Some wine companies – Marks & Spencer is one – now plan their tastings according to the biodynamic calendar. The theory goes that if extra-terrestrial influences can affect the tides, then they should also have an impact on other liquids, including wine. The tasting fell on a leaf day – the sort of day that M&S avoids since it accentuates any green/earthy notes in a wine. And true to form, traditionally-styled, (usually) European wines with firm tannic structures looked rather tough and charmless. Meanwhile, those wines that were on the rather buxom, overripe side acquired a welcome air of restraint. A Masi Amarone looked more like a Ripasso. A Californian Pinot acquired some Burgundian elegance. And Château Musar, a love-hate wine if ever there was one, lost much of its volatility and looked positively well-behaved.

I’m not excusing Tesco for some of the wines on show. There were several that even on a good day would have failed to excite. But overall, I think the wines were suffering a bad hair day – we all have them, even Patrick Stewart. On another occasion, this would have been a far more inspiring event. However, it does beg a question for those of us drinking wines at home – do we need to be looking at the biodynamic calendar when planning to open some of our more temperamental bottles?

Tuesday, October 02, 2007

A wasted week?

Just preparing for a trip to London for three days of tasting. I'll probably put 300 different wines in my mouth, and I'll probably end up writing about a maximum of 15 of them. In other words, more than 95% of what I sample will go unreported.

Is it worth the effort? And equally importantly, is it worth the people who have invited me to these events inviting me again? Personally, I do find it worth the effort - most of the time.

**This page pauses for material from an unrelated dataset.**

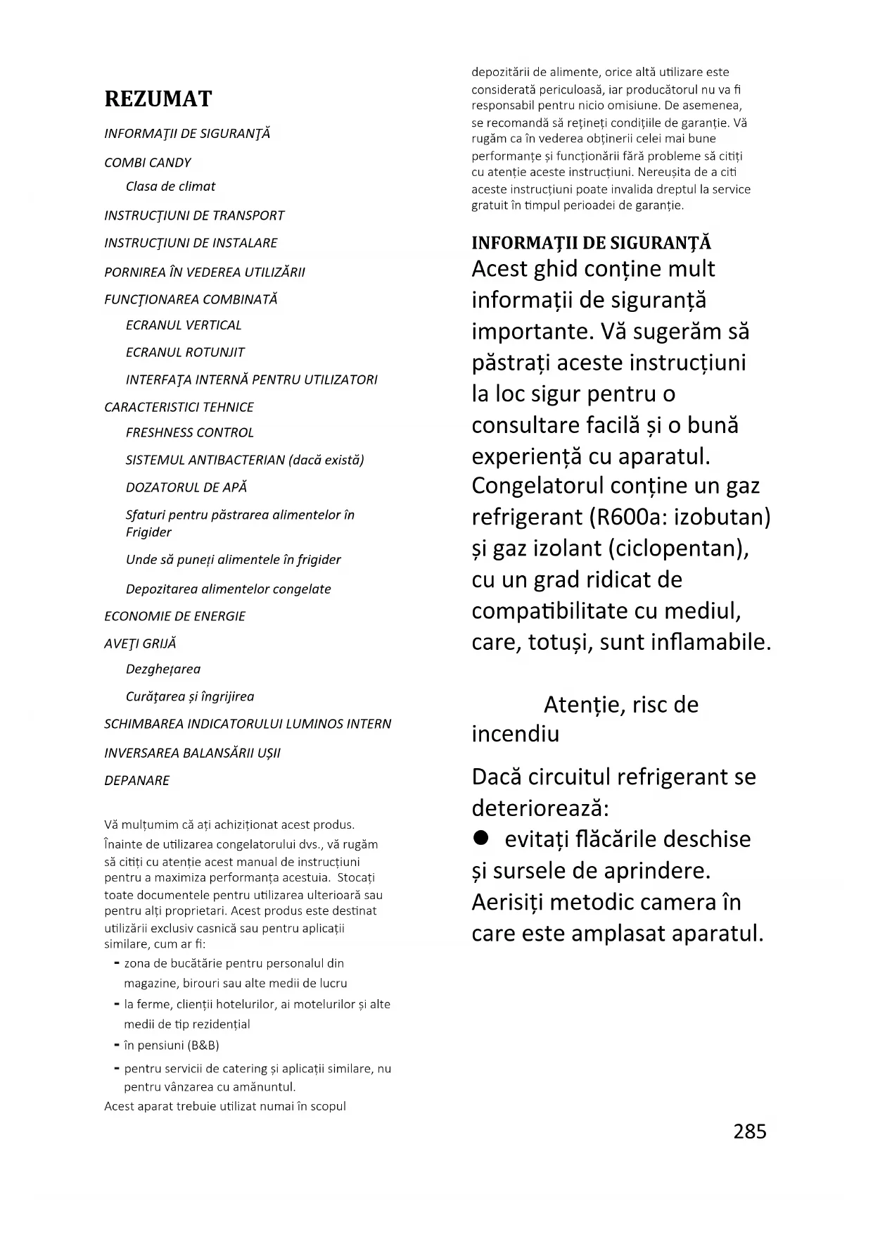 Termostaty, snímače teploty, dosky plošných spojov a svetelné zdroje, aspoň počas siedmich rokov od uvedenia posledného kusu daného modelu na trh rúčky a závesy dverí, poličky a košíky aspoň počas siedmich rokov a tesnenia dverí aspoň počas 10 rokov od uvedenia posledného kusu daného modelu na trh; Ďalšie informácie o produkte nájdete na https://eprel.ec.europa.eu/ alebo naskenujte QR na energetickom štítku dodávanom so spotrebičom.285 Română REZUMAT INFORMAŢII DE SIGURANŢĂ COMBI CANDY Clasa de climat INSTRUCŢIUNI DE TRANSPORT INSTRUCŢIUNI DE INSTALARE PORNIREA ÎN VEDEREA UTILIZĂRII FUNCŢIONAREA COMBINATĂ ECRANUL VERTICAL ECRANUL ROTUNJIT INTERFAŢA INTERNĂ PENTRU UTILIZATORI CARACTERISTICI TEHNICE FRESHNESS CONTROL SISTEMUL ANTIBACTERIAN (dacă există) DOZATORUL DE APĂ Sfaturi pentru păstrarea alimentelor în Frigider Unde să puneți alimentele în frigider Depozitarea alimentelor congelate ECONOMIE DE ENERGIE AVEŢI GRIJĂ Dezghețarea Curăţarea și îngrijirea SCHIMBAREA INDICATORULUI LUMINOS INTERN INVERSAREA BALANSĂRII UȘII DEPANARE Vă mulțumim că ați achiziționat acest produs. Înainte de utilizarea congelatorului dvs., vă rugăm să citiți cu atenție acest manual de instrucțiuni pentru a maximiza performanța acestuia. Stocați toate documentele pentru utilizarea ulterioară sau pentru alți proprietari. Acest produs este destinat utilizării exclusiv casnică sau pentru aplicații similare, cum ar fi: - zona de bucătărie pentru personalul din magazine, birouri sau alte medii de lucru - la ferme, clienții hotelurilor, ai motelurilor și alte medii de tip rezidențial - în pensiuni (B&B) - pentru servicii de catering și aplicații similare, nu pentru vânzarea cu amănuntul. Acest aparat trebuie utilizat numai în scopul depozitării de alimente, orice altă utilizare este considerată periculoasă, iar producătorul nu va fi responsabil pentru nicio omisiune. De asemenea, se recomandă să rețineți condițiile de garanție. Vă rugăm ca în vederea obținerii celei mai bune performanțe și funcționării fără probleme să citiți cu atenție aceste instrucțiuni. Nereușita de a citi aceste instrucțiuni poate invalida dreptul la service gratuit în timpul perioadei de garanție.

I find tasting and talking about wine to be the quickest way of improving my knowledge. It's like exercise - the more you do it, the fitter you get, and if you stop doing it, you soon run to seed. There are some writers who do taste more than I do - Matthew Jukes gets through phenomenal amounts - but not many. It means that I'm reasonably qualified to give opinions (both to readers and to producers/importers/etc) on what I try, and to compare wines with those of other parts of the world. And obviously, those who invite me wouldn't keep on inviting me if I were just taking the piss and turning up for the free lunch.

And yet... Tomorrow, I'll be spending probably 3-4 hours tasting through wines from South West France. It's an event organised by the French, so there will be little information of use in the catalogue - I may get an importer's name if I'm lucky, but nothing useful like UK prices and stockists. Which will then mean more hours collating info on the wines I'm interested in, a few disappointments when I find that a particular wine is only available by the palate, and several weeks wait while the winery sends me another sample from France - I always try to retaste wines I'm going to recommend in the cold light of my kitchen, away from the persuasive charms of well-dressed young Frenchwomen...

Wouldn't it just be easier to sit on my bum and ring up my favourite importers for some samples? Perhaps. But that's how wine writers get lazy. As I said earlier, there is that danger of running to seed and becoming complacent, being stuck with opinions that were valid five years ago but which are now out of date. So I will be there tomorrow, putting in the hours and hoping to be pleasantly surprised. Expect my verdict on one of the unsung regions of the French wine world here in the coming days.